Post-Production

Somewhere throughout the filmmaking process I lost touch with the heart of my film. I had forgotten exactly what it was that made me want to create and tell this story; and if I'm being honest, I think it began long before I ever began classes. I recognized my connection to Scotland, and my need to know every inch of my genealogical connection to it. I loved tracing the journeys of my many-times-great-grandfather and great-grandmother, and piecing together any information I could surrounding what life must have been like for them. I was searching for memories of them that I did not have. I was hoping to create a collective memory of these people within my family.


As is often the case with genealogical work, there were many holes and many hunches, and very little definitive answers. My film, Leaden Hearts, is an attempt to fill in those holes and answer questions that I know will never be truly answered.


While putting together as much of the puzzle as I could, I matched the dates and location of my ancestors and their emigration to that of the highland clearances. The Highland Clearances being what they were (that is to say that it was a heartbreaking injustice for the highlanders and islanders), I was sad at any injustice my ancestors would have faced. I was hurt at the thought of people not so far removed from myself and my family now, as farmers and working-class people, would be removed purely because of greed. Systems were put in place to allow this to happen, people were treated like they were dispensable, the rich and their greed dominated the land, and so much of a beautiful and colorful culture was lost. When I took a moment to examine just exactly what that meant for those families forced from their homes, it broke my heart.

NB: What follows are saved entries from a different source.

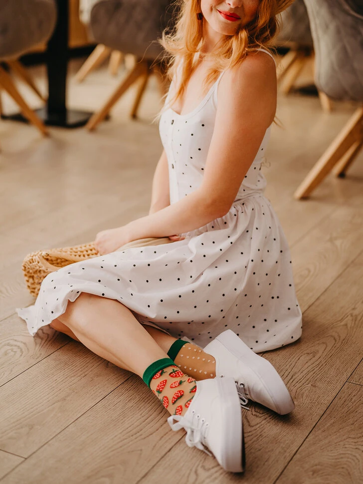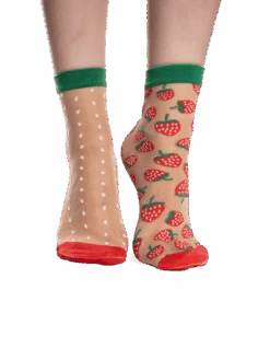 Süße rote Erdbeeren sorgen im Sommer für farbenfrohe Mahlzeiten. Unsere Nylonsocken mit Erdbeeren sorgen ebenfalls dafür, dass dein Outfit farbenfroher wird! Zwar enthalten sie keine Vitamine und werden dein Immunsystem nicht stärken, aber sie werden deine Stimmung total aufhellen!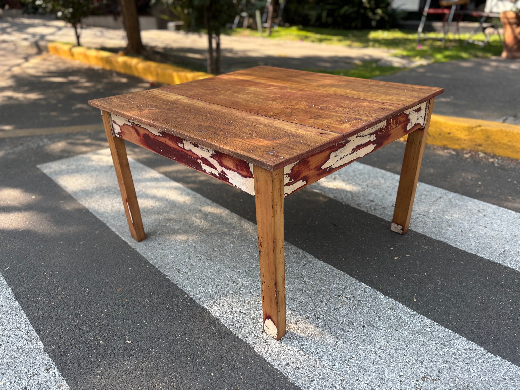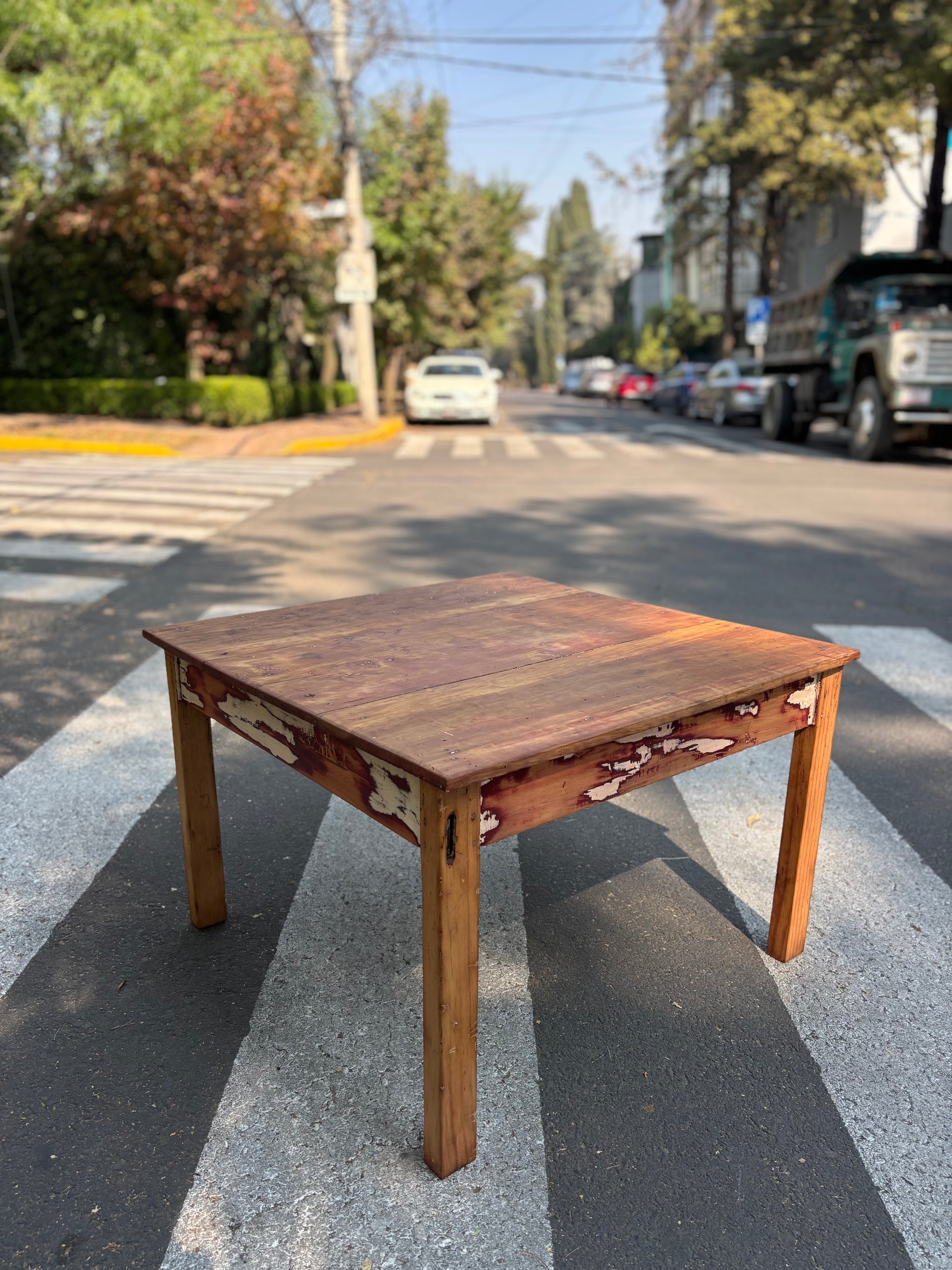 MedidasA. 53 cmsL. 80 cmsF. 80 cms Mesa baja cuadrada de madera, conserva partes de...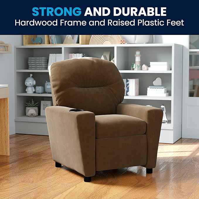 Flash Furniture Chandler Microfiber Kids Recliner with Cup Holder and Safety Recline, Contemporary Reclining Chair for Kids, Supports up to 90 lbs., Brown
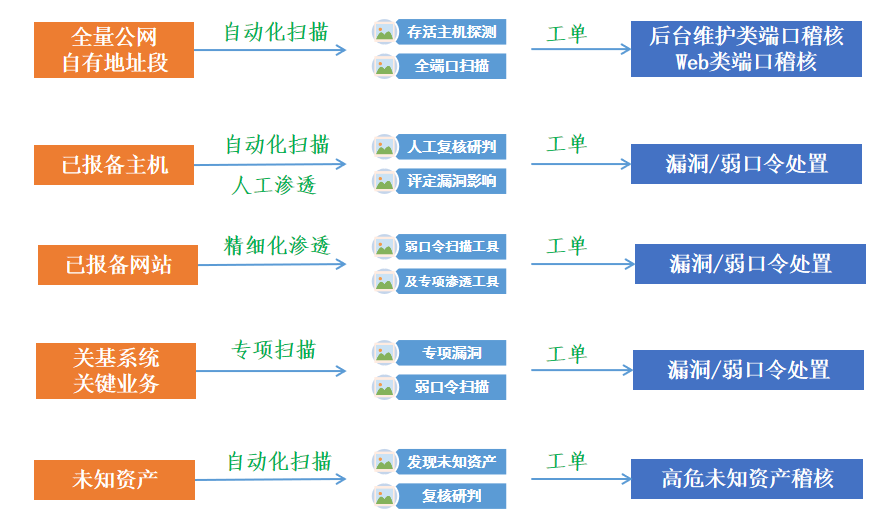采用自動化掃描、人工滲透相結(jié)合方式,開展暴露面資產(chǎn)的發(fā)現(xiàn)、風(fēng)險的檢測,實現(xiàn)多種掃描器交叉掃描、不同人員交叉滲透,依托網(wǎng)絡(luò)安全運維平臺,派發(fā)預(yù)警工單、跟蹤閉環(huán)。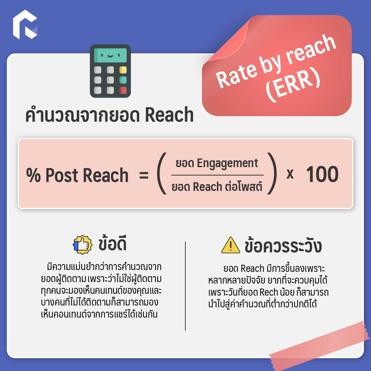 ข้อควรระวัง: ยอด Reach มีการขึ้นลงเพราะหลากหลายปัจจัย เลยทำให้ยากที่จะควบคุมได้ เพราะวันที่ยอด Rech น้อย ก็สามารถนำไปสู่ค่าคำนวณที่ต่ำกว่าปกติได้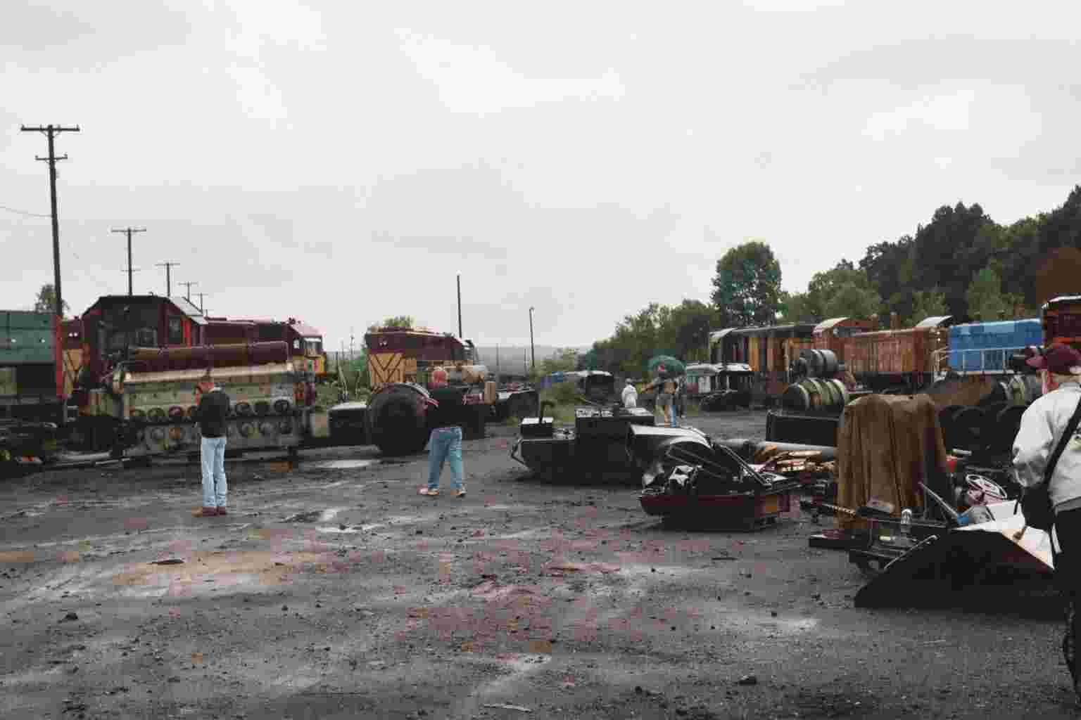 As well as the ELHS members in the shot, you can see, from left to right, an EMD Spartan cab; an EMD 16-cylinder prime mover; a traction motor blower with the hulk of a loco ready for scrap behind it; an EMD fuel tank; some unidentifiable bits and pieces; and an EMD second-generation long hood end; behind it are some EMD switchers and GPs that may have a little life in them yet.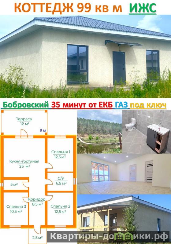 Описание дома • Современный 1-этажный коттедж в пригороде Екатеринбурга • Расположен на ровном земельном участке у соснового леса и реки • Проект Зеленая пристань с жилой площадью 98 кв метров и большой крытой террасой Конструкция и материалы • Несущие стены из ТВИНБЛОКа, межкомнатные стены из ТВИНБЛОКа и железобетонная плита перекрытия пола • В доме 9 помещений: 4 жилые комнаты, гостиная с кухонной зоной, 3 спальни, санузел, котельная с функцией 2-го сан узла, прихожая, коридор, крытая терраса, крыльцо Вентиляция и водоснабжение • Каждое помещение имеет автономную вентиляционную систему !!! • Ванная с сантехникой и разводкой под стиральную машину • Котельная с импортным электрическим котлом, скважиной, автономной станцией водоснабжения, бойлером Отделка и отопление • Отделка под ключ с использованием современных материалов: натяжные потолки, керамогранит, пластиковые окна, стальная сейф-дверь на входе • Во всём доме энергоэфефктивные теплые полы, отопление водяное от электрокотла, в посёлке есть газ Расположение и удобства • Окна расположены на юг, восток и запад, что обеспечивает естественное освещение весь день • В кухне-гостиной панорамное окно с выходом на террасу и во двор • Удачное расположение спален с видом на восход и закат Инфраструктура и документы • В шаговой доступности продуктовый магазин, остановка автобуса, в поселке есть школа, садик, промышленные магазины и даже заправка ГСМ • Дом и земельный участок оформлены в собственность на Застройщика, один собственник, без обременений и долгов • Документы к продаже готовы, оперативный показ, ипотека любого банка, любая программа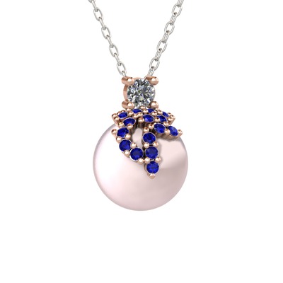 Pırlanta, lab safir ve pembe inci 8 ayar rose altın kolye (0.11 karat, 40 cm beyaz altın rolo zincir)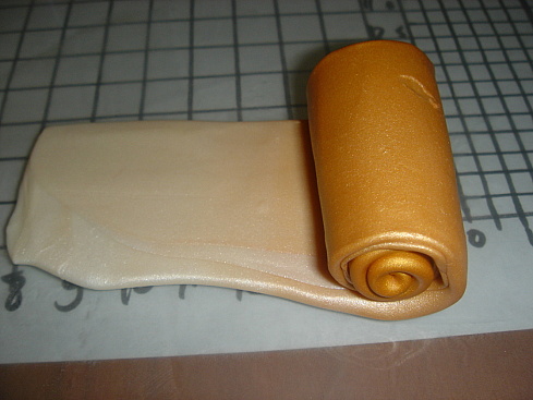 [показать] 7- И еще раз складываем и раскатываем. И еще - сколько душе угодно (у меня обычно от 5 до 10 раз получается), или пока переход цвета не станет совсем плавным, а пласт коротким и широким - тогда его можно и в колбасу скрутить, если надо. Цветов можно брать не два, а больше. Тогда просто центральные цвета нарезать на ромбики, а два крайних - на треугольники, и из этого всего сделать прямоугольник, который также режется поперек на полоски.

While brainstorming ideas for my film in semester one I came across a series on PBS that examined objects, their stories, and the memories attached to these objects. The first connection I made was what objects were left behind during the clearances? What was deemed worthy of the journey, and what wasn't? And to take it one step further, what of the people left behind too? While asking these questions I came upon a convict love token. I have written previous posts about this so I won't go into so much detail. But, essentially this very powerful token represented all of the injustice that I found had occurred (or what I assume had occurred) in my family during the clearances. The circumstances were different, but the sentiment and experience was similar enough that I could adapt my story to tell the same thing. Upon doing this I realized that when I adapted my story to that of the stories behind convict love tokens, a greater injustice was addressed - the failing of the judicial system, and how the system was played to benefit an ulterior motive; The rich wanted people out and they used the judicial system to do it.